Casualty of War
By John Rippo, San Diego
Wednesday, Jan. 17, 2007 | I would offer perhaps a dissonant perspective to the loss of U.S. Attorney Lam which concerns the case of Duke Cunningham.
My newspaper, ESPRESSO, once reported the tale of a local man who developed a landmine destroying device nicknamed the "Armadillo." This was enthusiastically received by the Marine and Navy specialists who tested it -- it took a licking and kept on ticking -- and it eventually progressed to the office of Duke Cunningham who then sat on the committee for military appropriations.
Cunningham's words to the inventors were to the effect that if "they couldn't bring anything to the table" they couldn't expect Cunningham to support the Armadillo. There, the chances for the simple, cheap and effective machine stopped cold. When last I saw it, the Armadillo sat under a tarp in the San Diego machine shop it was made in.
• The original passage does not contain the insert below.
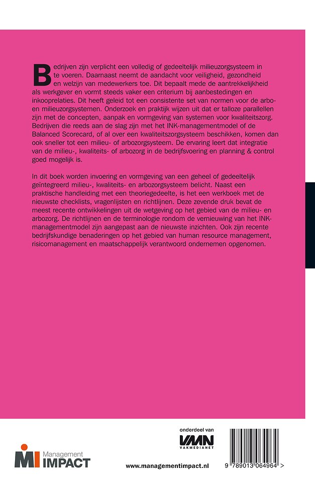 Deze zevende druk bevat de meest recente ontwikkelingen uit de wetgeving op het gebied van de milieu- en arbozorg. De richtlijnen en de terminologie rondom de vernieuwing van het INK- managementmodel zijn aangepast aan de nieuwste inzichten. Ook zijn recente bedrijfskundige benaderingen op het gebied van human resource management, risicomanagement en maatschappelijk verantwoord ondernemen opgenomen.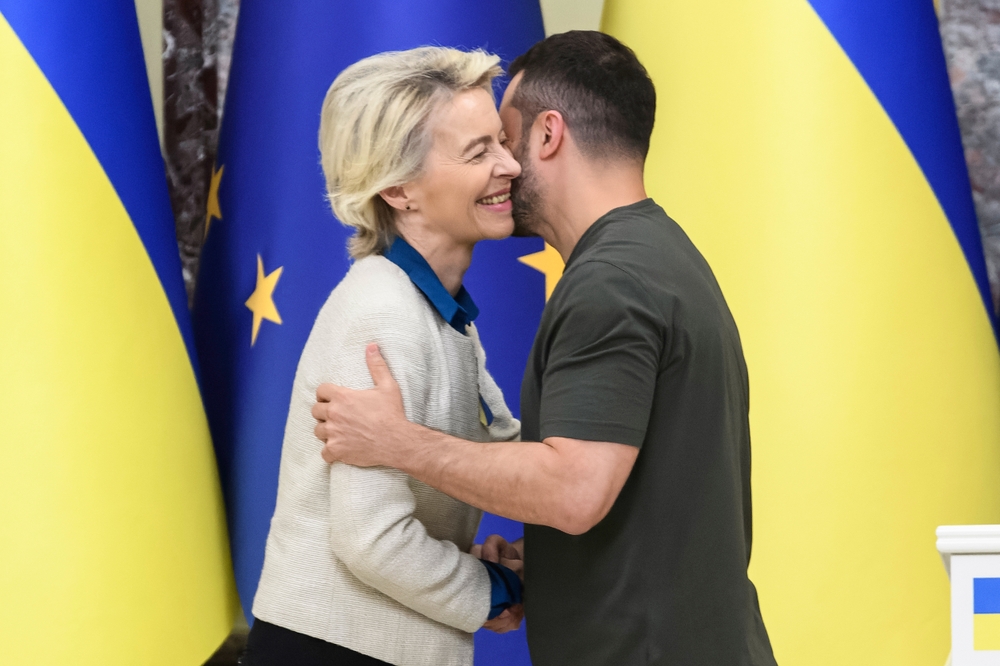 Ursula von der Leyen és Volodimir Zelenszkij meghitt közelségben

But what did that mean to the U.S. troops engaged in Iraq and Afghanistan? Many of the IEDs that kill and maim them are made in the forms of landmines -- that could be destroyed safely by the Armadillo. ESPRESSO once published a photo of a ten-year old Iraqi boy who found one of these the hard way, and whose mutilated body will form one more testimony to a mines' effectiveness in the pathology journals. That boy and the soldiers cruelly mutilated like him are the result of a venal lawmaker's failure to get his bribe.